Potential for Litigation and Licensing:

The crowded patent landscape increases the likelihood of patent disputes and litigation. Companies may assert their patents against competitors, leading to challenges regarding inventorship, enablement, written description, and obviousness. Licensing agreements are also common, allowing companies to gain access to patented technology or resolve disputes. U.S. Patent 10,016,504, with its specific antibody characteristics and method of treatment claims, is a key asset for Bristol-Myers Squibb in its ongoing efforts to protect its market share for nivolumab and its associated intellectual property. The defined binding affinity and half-life parameters are crucial for distinguishing its protected antibody from potentially similar molecules developed by competitors.

What is the patent's expiration timeline?

Patent 10,016,504 has a standard term for utility patents in the United States, which is generally 20 years from the filing date, subject to maintenance fees.

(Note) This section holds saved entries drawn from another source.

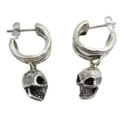 Bikerringshop Sterling Silver Dangle Punk Skull Earring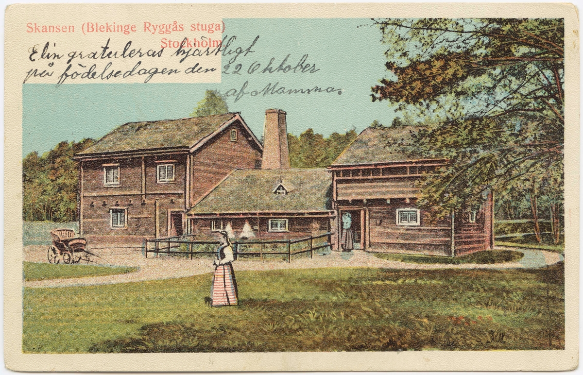 Titel: Vykort med motiv från Skansen. "Skansen (Belkinge Ryggås stuga) Stockholm". Kyrkhultsstugan
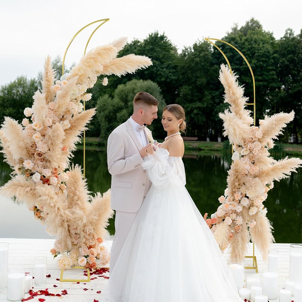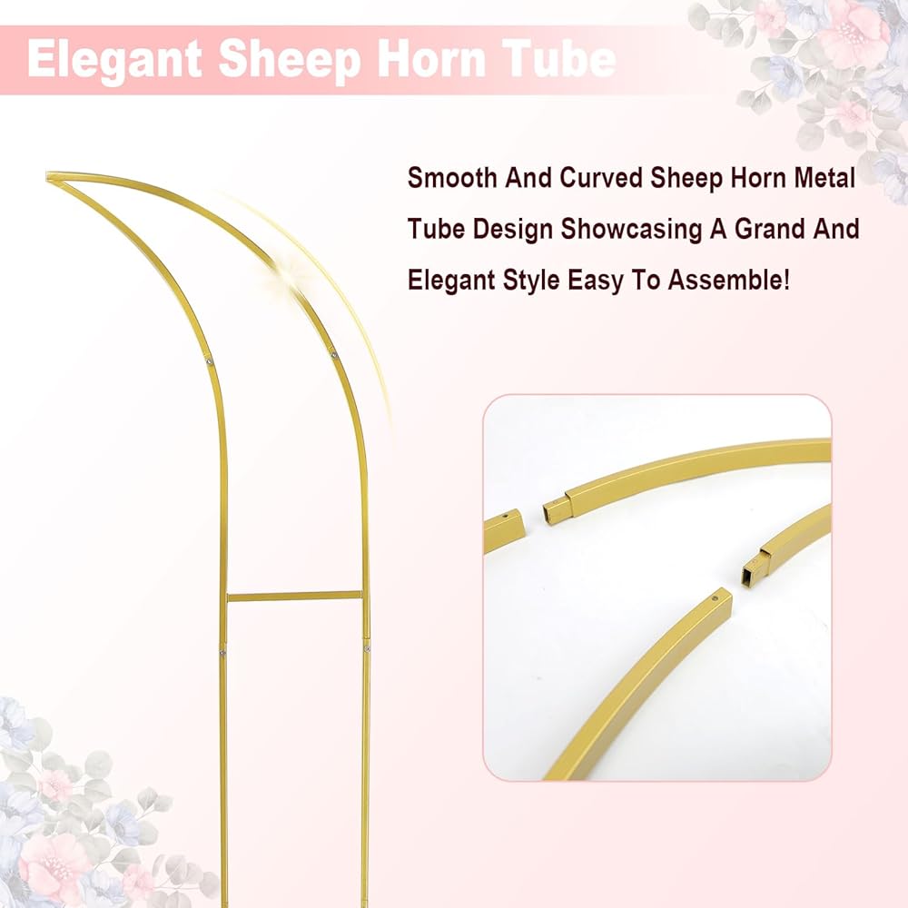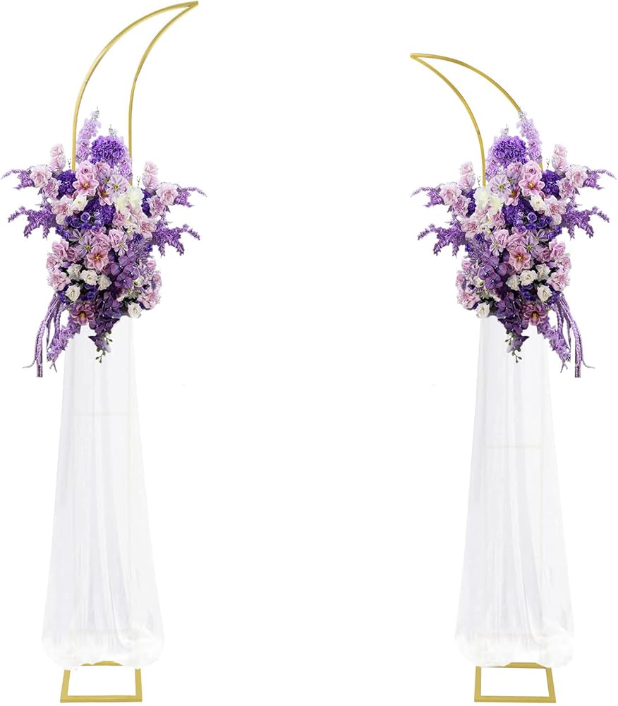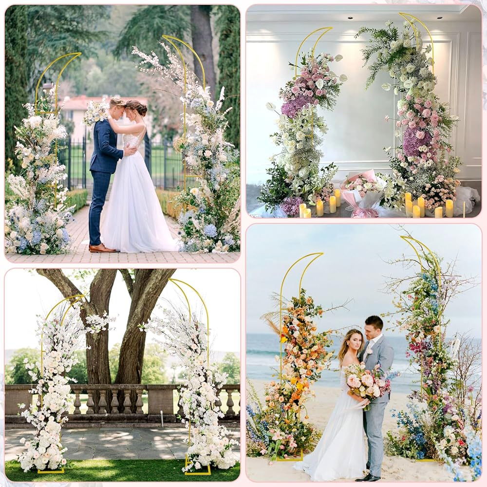 • 【التصميم الرائع】 يختلف عن أقواس الزفاف المستديرة والمربعة العادية ، يتكون حامل قوس الزهور لدينا من أقواس من ارتفاعات مختلفة ، مع تصميم هلال فريد من نوعه ونادرة وتصميم شبه مفتوح ، والذي يمكنه ضبط زاوية قوس الزفاف بمرونة ، ويظهر أناقة و Grandeur.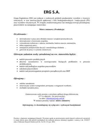 ERG S.A. Grupa Kapitałowa ERG jest jednym z czołowych polskich producentów wyrobów z tworzyw sztucznych, w tym innowacyjnych opakowań z folii biodegradowalnych i tradycyjnych (PE) oraz wyrobów wtryskowych. W związku zrealizowaną przez nas strategią rozwoju poszukujemy pracowników na następujące stanowisko: Mistrz zmianowy (Produkcja) Oczekiwania : doświadczenie w pracy przy obsłudze maszyn i urządzeń przemysłowych, doświadczenie w kierowaniu zespołem, wykształcenie techniczne z zakresu: mechanika, budowa maszyn, automatyka, dobra organizacja pracy , umiejętność podejmowania decyzji i samodzielnego działania , gotowość do pracy w systemie zmianowym. Głównym zadaniem osoby zatrudnionej na ww. stanowisku będzie: nadzór procesów produkcyjnych aktywne uczestnictwo w rozwiązywaniu bieżących problemów produkcyjnym, nadzór nad podległym zespołem pracowników szkolenia pracowników nadzór nad przestrzeganiem przepisów porządkowych oraz BHP w procesie Oferujemy : stabilne zatrudnienie motywacyjny system wynagrodzeń, powiązany z osiąganymi wynikami, niezbędne narzędzia pracy. Zainteresowane osoby prosimy o przesłanie aplikacji drogą elektroniczną (CV ze zdjęciem , list motywacyjny) na adres: [email protected] W temacie prosimy wpisać: mistrz zmianowy Informujemy, że skontaktujemy się wyłącznie z wybranymi kandydatami. Prosimy o dopisanie następującej klauzuli: Wyrażam zgodę na przetwarzanie moich danych osobowych zawartych w mojej ofercie pracy dla potrzeb niezbędnych do realizacji procesu rekrutacji (zgodnie z ustawą z dn. 29.08.97 roku o Ochronie Danych Osobowych Dz. Ust Nr 133 poz. 883)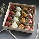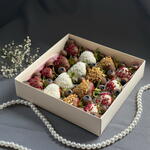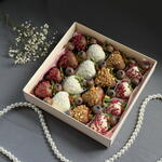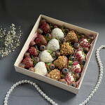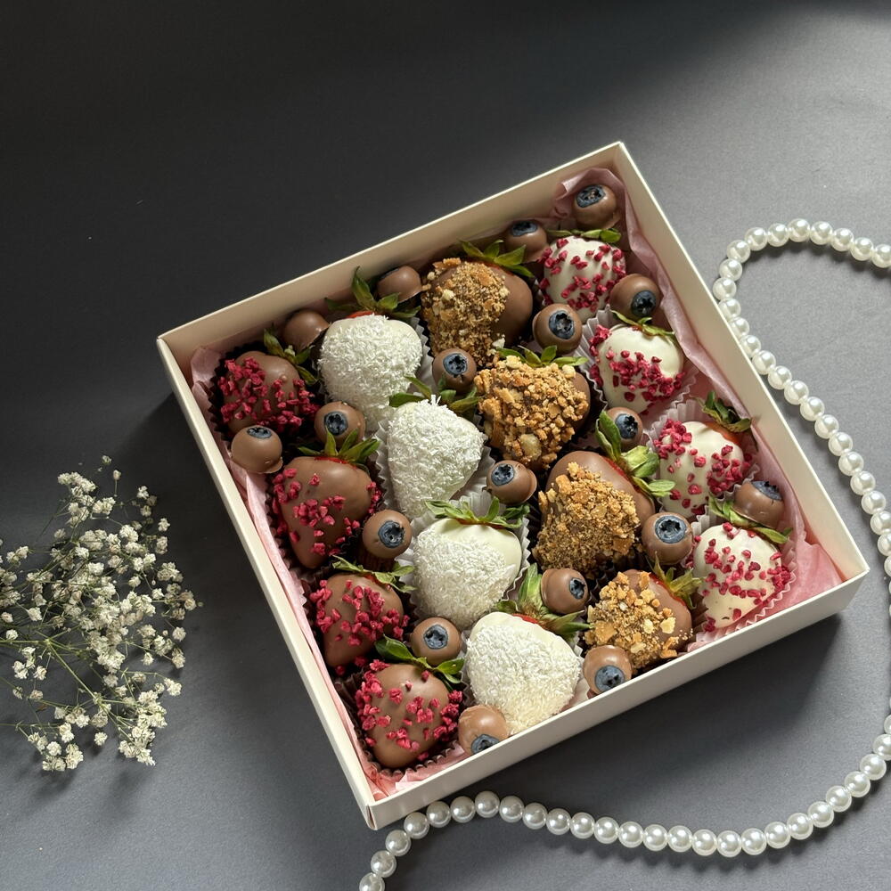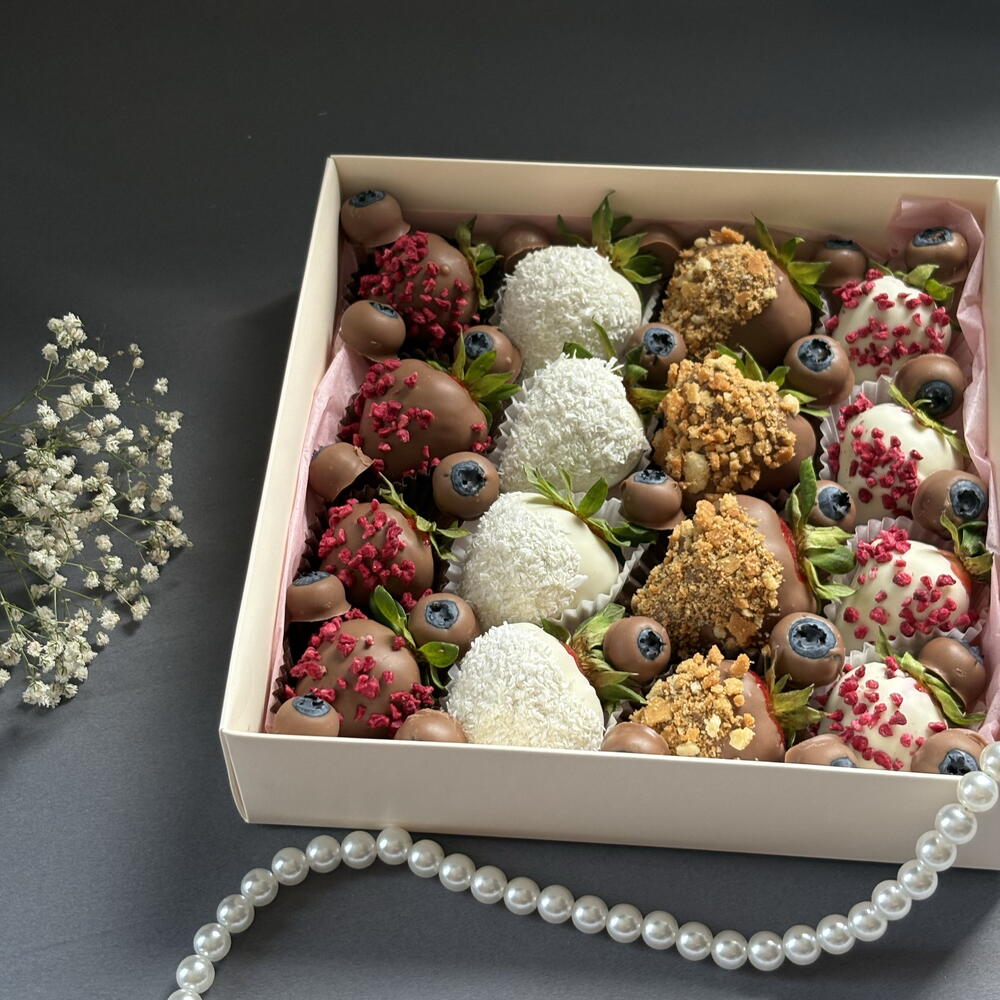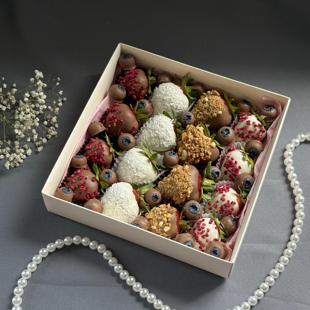 Клубника свежая Голубика свежая Шоколад молочный (сахар, какао-масло, сухое цельное молоко, соевый лецитин и натуральный ароматизатор ванили) Шоколад белый (сахар, какао-масло, сухое цельное молоко, соевый лецитин и натуральный ароматизатор ванили) Сублимированная малина Кокосовая стружка Вафельная крошка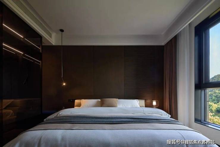 艺术感不仅体现在空间环境的营造,细节的处理和材质的选择也透漏出时尚气息。大气中又不失生活的趣味。皮质有纹理的软包,无主灯的设计,每一处细节都体现着轻奢感。地毯、床品和吊灯的相互映衬,营造出自然舒适的空间氛围,增添了卧室的温暖气息。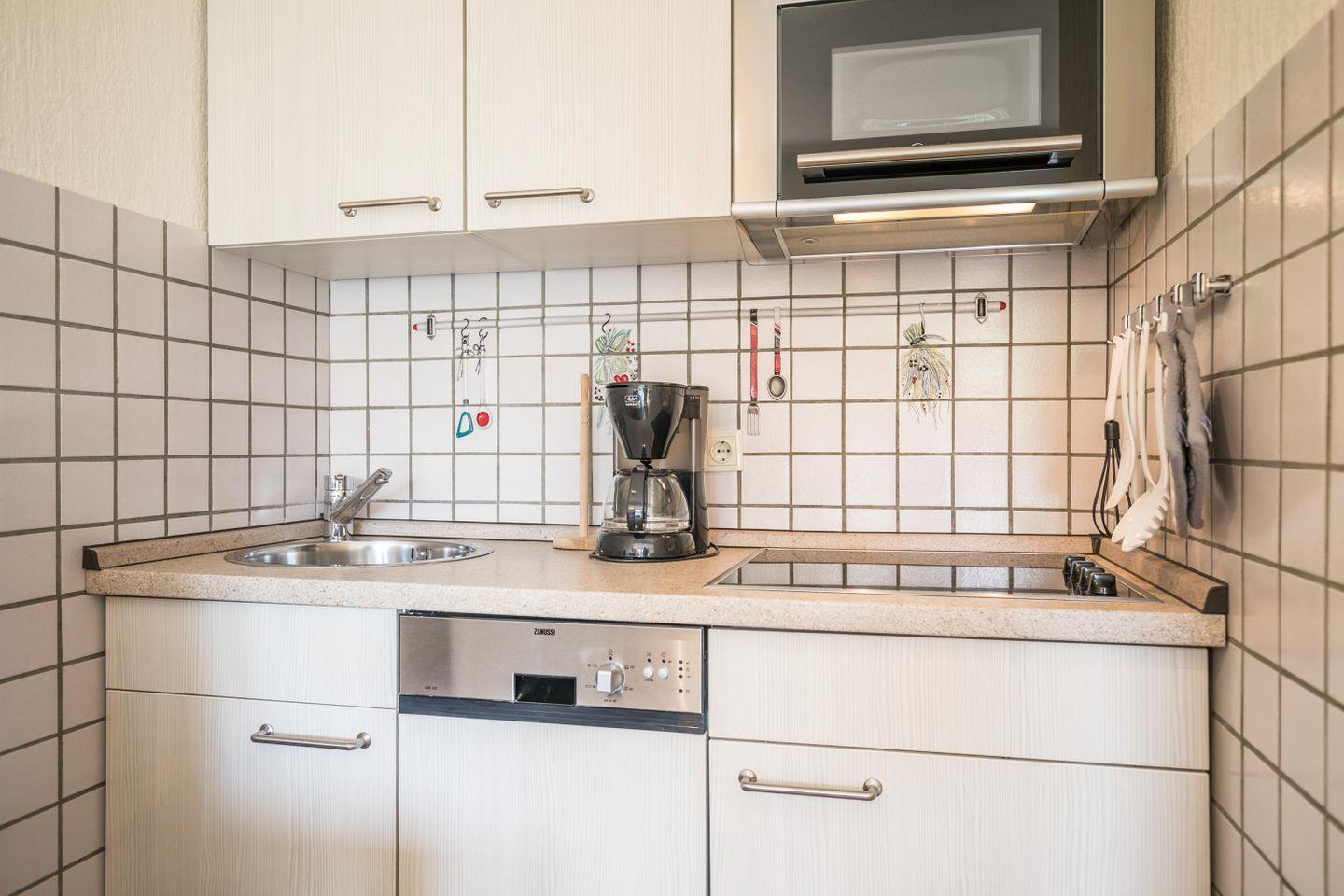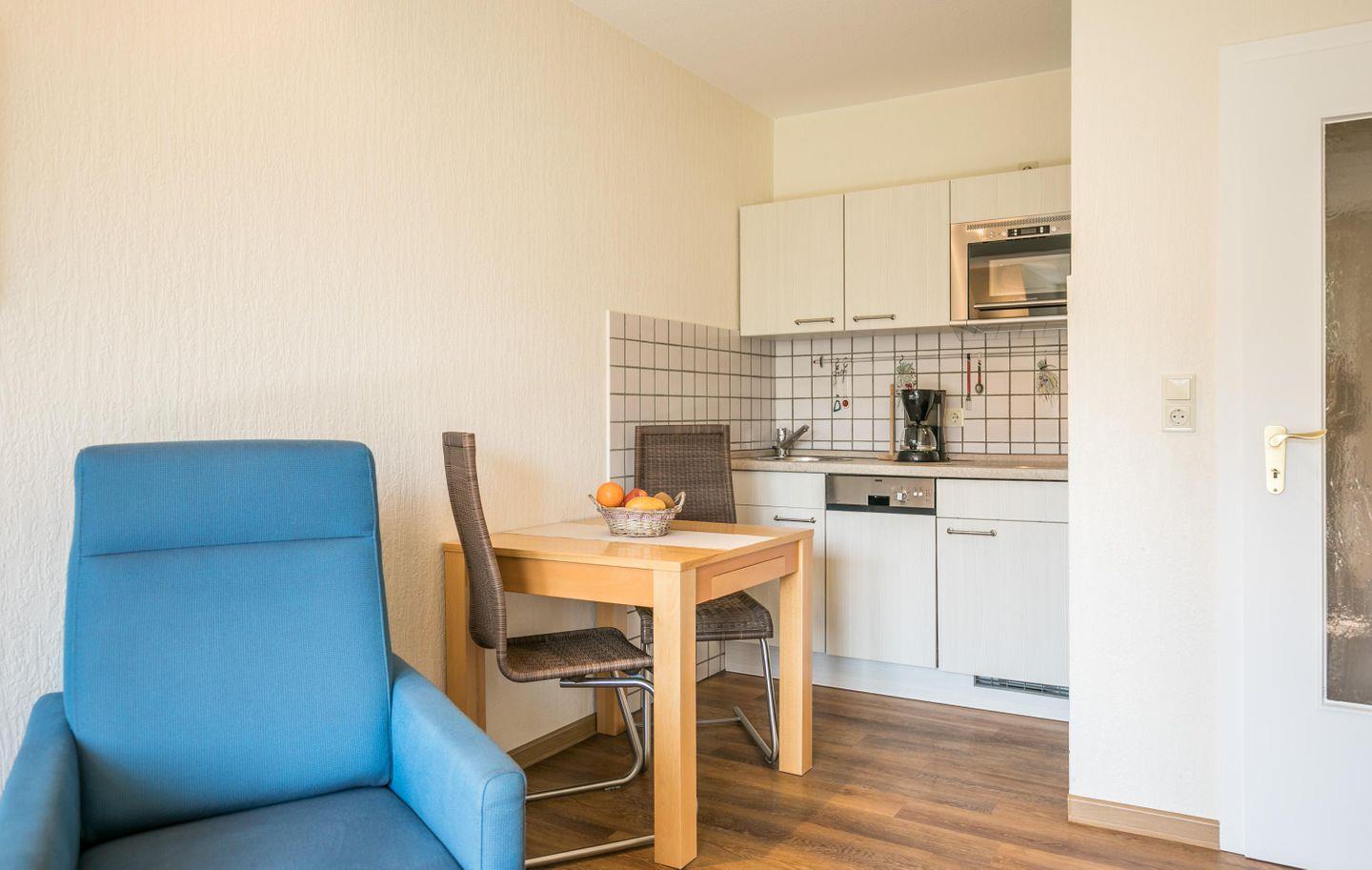 Im ersten Obergeschoss haben in einem Schlafzimmer bis zu 2 Personen Platz. Die Küche befindet sich in einer Nische vom Wohnraum abgängig.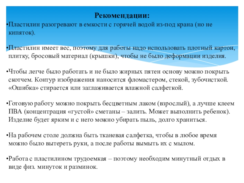Рекомендации:Пластилин разогревают в емкости с горячей водой из-под крана (но не кипяток).Пластилин имеет вес, поэтому для работы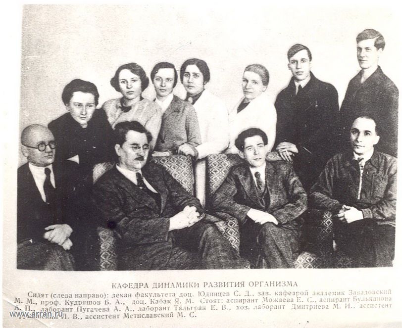 М.М. Завадовский с сотрудниками кафедры динамики развития МГУ. Фотография. 1930 г.. (АРАН. Ф.1593. Оп.1. Д.152. Л.1.) |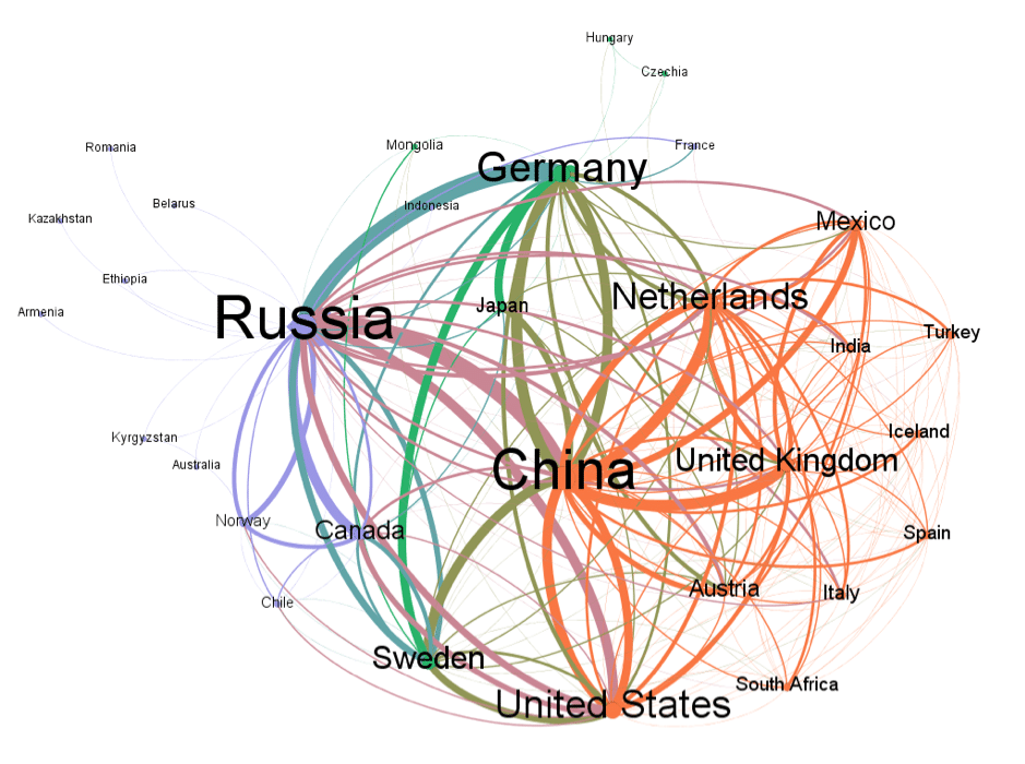 This network is in line with the findings of Glänzel on national characteristics in national co-authorship relations in several countries. According to his study, Glänzel noted that Germany proved to be a very important partner for most countries, especially for Austria, Hungary, Poland, and Russia, while Russia presents itself as an important partner for several Eastern and Western European countries. Although the findings of Glänzel, the network with Russia shows that this is a country of great diversity of articulation and interaction, becoming an important stakeholder both with Eastern and Western Europe, Asia, and North America, showing its potential of scientific influence and international articulation.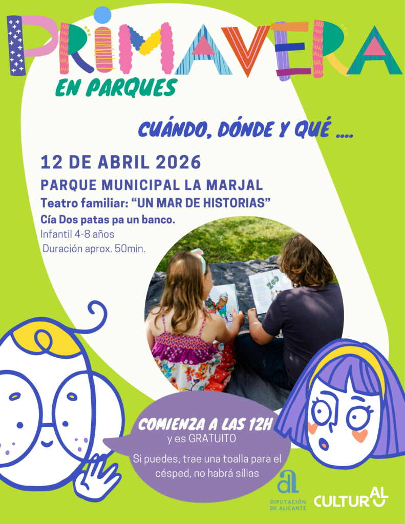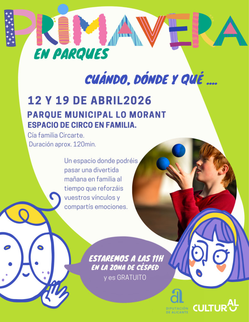 Este mes de abril, los parques de nuestra ciudad se llenan de magia, risas y actividades al aire libre con el ciclo “Primavera en Parques”. Una propuesta ideal de la Diputación de Alicante para disfrutar en familia de mañanas inolvidables rodeados de naturaleza.

• Filing Date: August 18, 2017 [1].
• Issue Date: July 10, 2018 [1].
• Expiration Date: Assuming no extensions or adjustments, the patent is set to expire 20 years from the filing date, which would be August 18, 2037.

It is important to note that patent terms can be affected by several factors:

• Patent Term Adjustment (PTA): This can extend the patent term if there were delays in prosecution by the USPTO.
• Patent Term Extension (PTE): For pharmaceutical patents, PTE can compensate for regulatory review periods (e.g., FDA approval). Nivolumab (Opdivo®) has undergone regulatory review, which could qualify for PTE, potentially extending the effective market exclusivity beyond the standard expiration date. The specific duration of PTE depends on the length of the regulatory review period.
• Maintenance Fees: Failure to pay required maintenance fees to the USPTO can lead to the patent lapsing prematurely.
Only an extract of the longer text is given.